Set a large pot on the stove. Drain the re-hydrated peppers and place some of them in the blender with the tomatoes and sesame seeds. Pour in a little of the chicken stock and turn on the blender; purée, stopping the blender periodically to push any solids down toward the blades, till blended very well. Pour into the pot through a medium sieve to remove any extraneous skin or seeds. Purée the rest of the peppers well, adding stock as necessary; strain into the pot. Rinse the blender briefly. Purée the contents of the onion bowl in batches, adding stock as needed to facilitate blending (you should end up using all the stock), blending very well till smooth; pour into the pot without straining. Place the pot over med-high heat and bring just to a low boil. Add the sugar and chocolate, stirring well till completely melted or dissolved. Add a little salt.
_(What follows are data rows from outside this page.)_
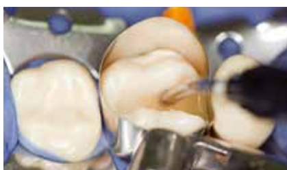
... und 4 Millimeter mit x-tra base füllen
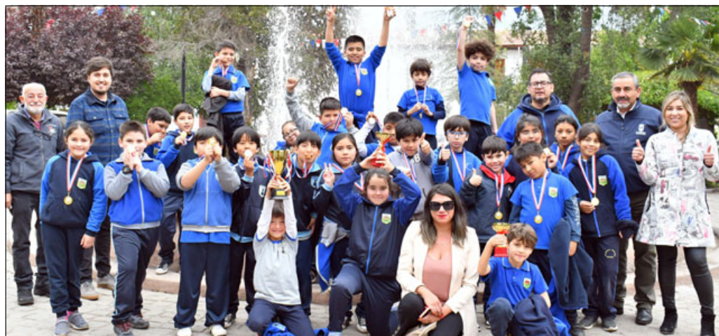
Triunfadores junto a concejales de Putaendo.
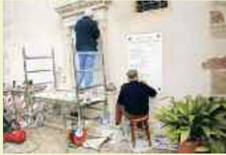
Alpini e Circolo Cognola ridanno vita alle lapidi che ricordano i caduti delle varie guerre
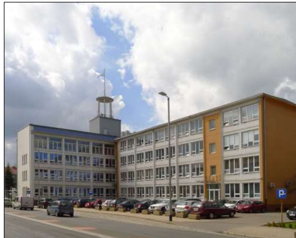
Widok od strony północno – wschodniej.
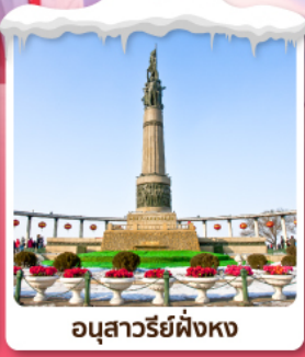
อนุสาวรีย์ฟ่งหง
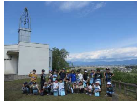
最後はみんなで記念撮影
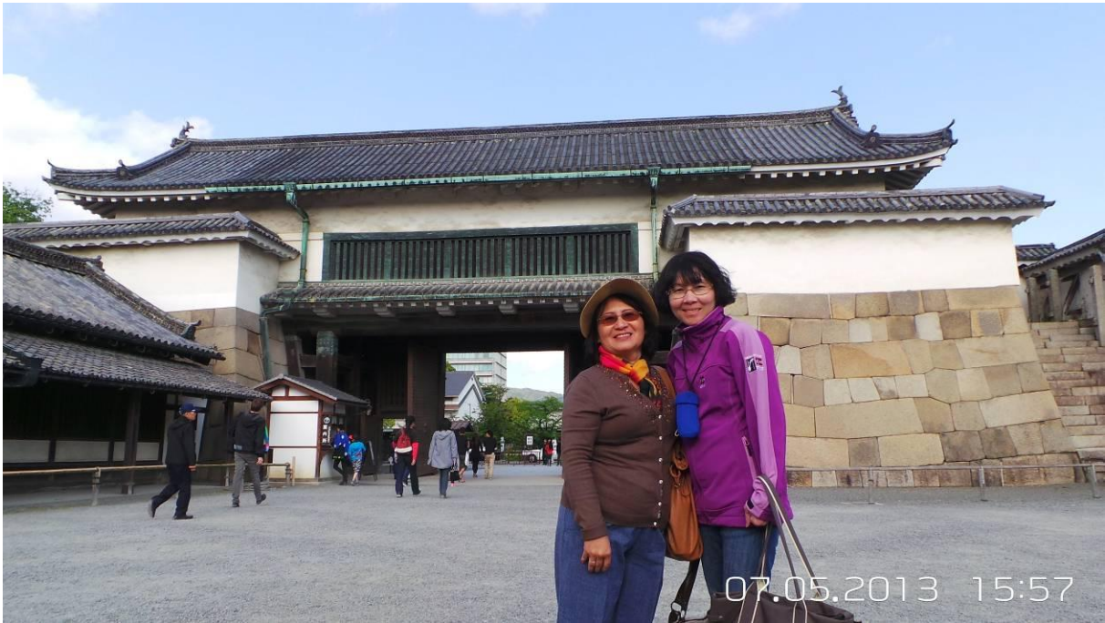
bên trong thành
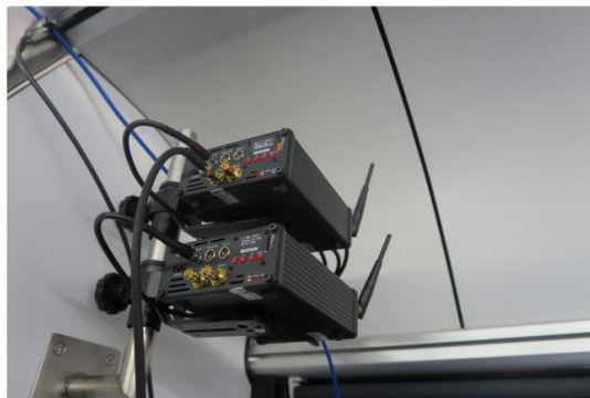
Obraz z odbiorników poprzez sieć światłowodową trafia do wszystkich komputerów na pokładzie.
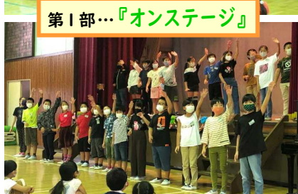
第1部…『オンステージ』
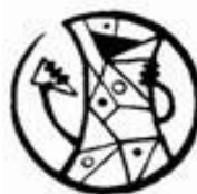
Obrázek č. 8 – Logo Přírodovědného oddělení

Reduce the heat and simmer, stirring occasionally, till the flavors blend and the sauce is the consistency of heavy cream. Adjust the salt; adjust the balance with sugar and/or vinegar. You’re done.

The sauce can be used as is, or you can thin some of it with stock for use as an enchilada sauce, or as a sauce to pour over cooked meats. I often use it a bit thinned and add leftover Q’d meats for reheating. When the meat is hot I remove it, then reduce the sauce over high heat till it’s thickened a bit.